The first workable steamboat was demonstrated by Connecticut-born inventor John Fitch (1743–98) on August 22, 1787, on the Delaware River. He launched two larger vessels in 1788 and 1790, receiving a patent for his design in 1791. But Fitch's fourth boat was ruined by a storm in 1792 and the innovator lost the support of his backers.
The first commercially viable steamboat was designed by Pennsylvania engineer and inventor Robert Fulton (1765–1815); the Clermont made its maiden voyage on August 17-22, 1807, when it sailed up the Hudson River from New York City to Albany in thirty hours, and then returned. The vessel was 133 feet long and had only a seven-foot (considered shallow) draft. The Clermont was the forerunner of the "western" steamboats that would soon dominate the interior waterways and Gulf Coast.
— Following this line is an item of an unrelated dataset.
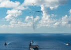 Os EUA divulgaram ontem novas imagens do grupo de ataque do porta-aviões USS Gerald R. Ford após a chegada da embarcação à América Latina. As fotos revelam o arsenal mais avançado da Marinha americana em operação na região.
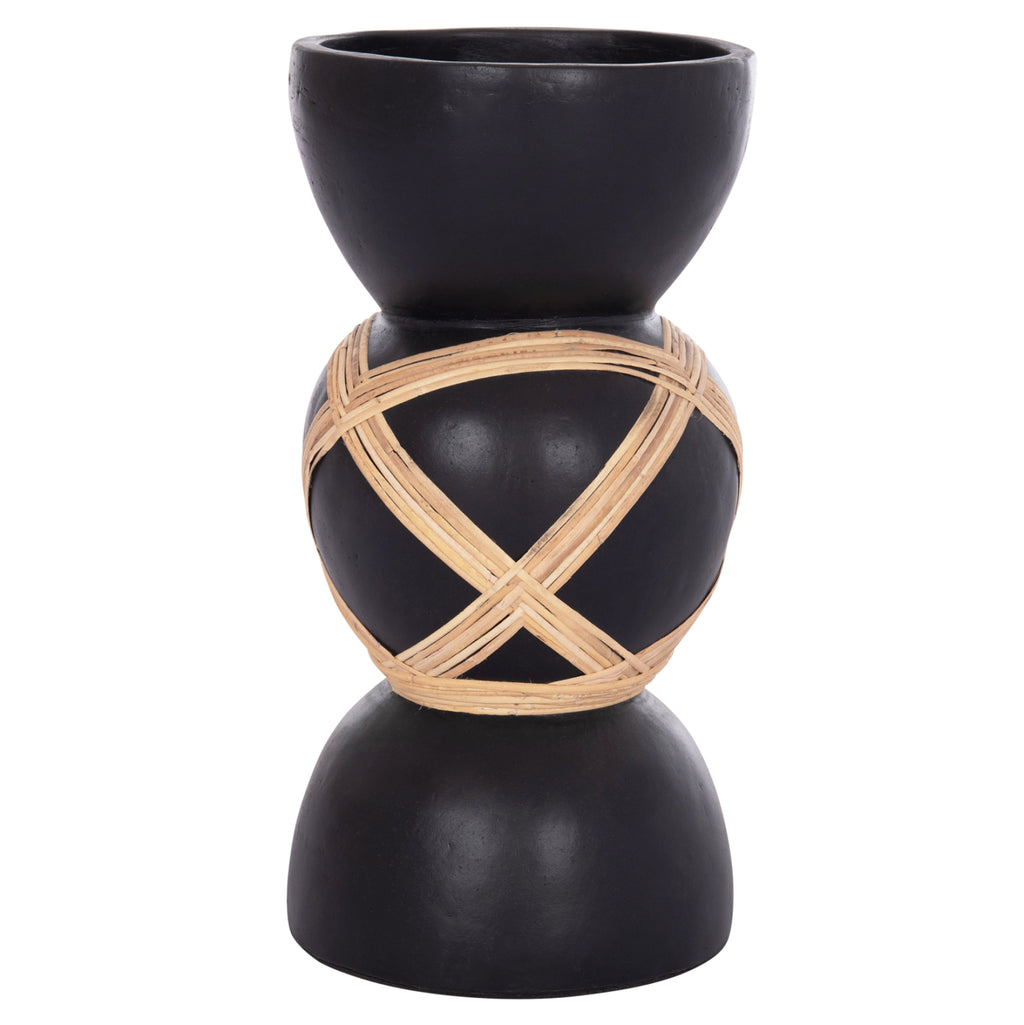Ръчно изработената декоративна подова ваза MAYNARD е красив декоративен елемент за всяко пространство. Изработен е изцяло от Фиброцимент в ЧЕРЕН цвят с декорация от естествен ратан. Идеален за множество приложения и пространства. РАЗМЕРИ: Φ32x62.5H см. СТРОИТЕЛНИ МАТЕРИАЛИ: Фиброциментът е композитен строителен материал, произведен от цимент, подсилен с целулозни влакна. Известен е със своята издръжливост, устойчивост на гниене, вода и насекоми, което го прави избор с ниска поддръжка. Предимства: • Изисква минимална поддръжка и се почиства лесно. • Не е запалим. • Устойчивост на вода и атмосферни влияния: Устойчив на различни климатични условия. • Устойчивост на гниене и вредители. ПОДДРЪЖКА: Едно почистване с прах обикновено е достатъчно, но избягвайте използването на химически почистващи препарати. ** Цветопредаването на продукта може леко да се различава от неговото фотографско представяне на вашия екран.

In 1817 the stern paddle steamboat the Washington completed the first round-trip voyage between Louisville, Kentucky, and New Orleans, Louisiana—traveling along the Ohio and Mississippi rivers. By the end of that year dozens of steamboats were in operation on those two principle rivers and their tributaries; by 1840, there were more than two hundred on the Mississippi alone; by 1860, this number had swelled to more than one thousand. Mississippi steamboat traffic and trade had by 1850 pushed New Orleans to exceed New York City in volume of shipping, with New Orleans' outbound cargo accounting for more than half the nation's total exports.
Steamboat technology was put to use on many kinds of vessels. Packets were the most common kind of steamboat; they carried passengers and cargo from city to city. There were also towboats (which pushed cargo barges), showboats (outfitted for the entertainment of the paying public), ferries (which carried covered wagons and other vehicles across waterways in the absence of bridges), dredges (to deepen existing waterways), and light tenders (which conducted maintenance along rivers). This variety of steamboats made settlement possible by permitting travel from West Virginia in the East to the Rocky Mountains in the West, and from Minnesota in the North to Louisiana in the South.
The development of transcontinental railroads later in the 1800s caused steamboat use to decline. For decades more, however, they maintained a place in the nation's ever-expanding transportation network, particularly up and down the Mississippi River.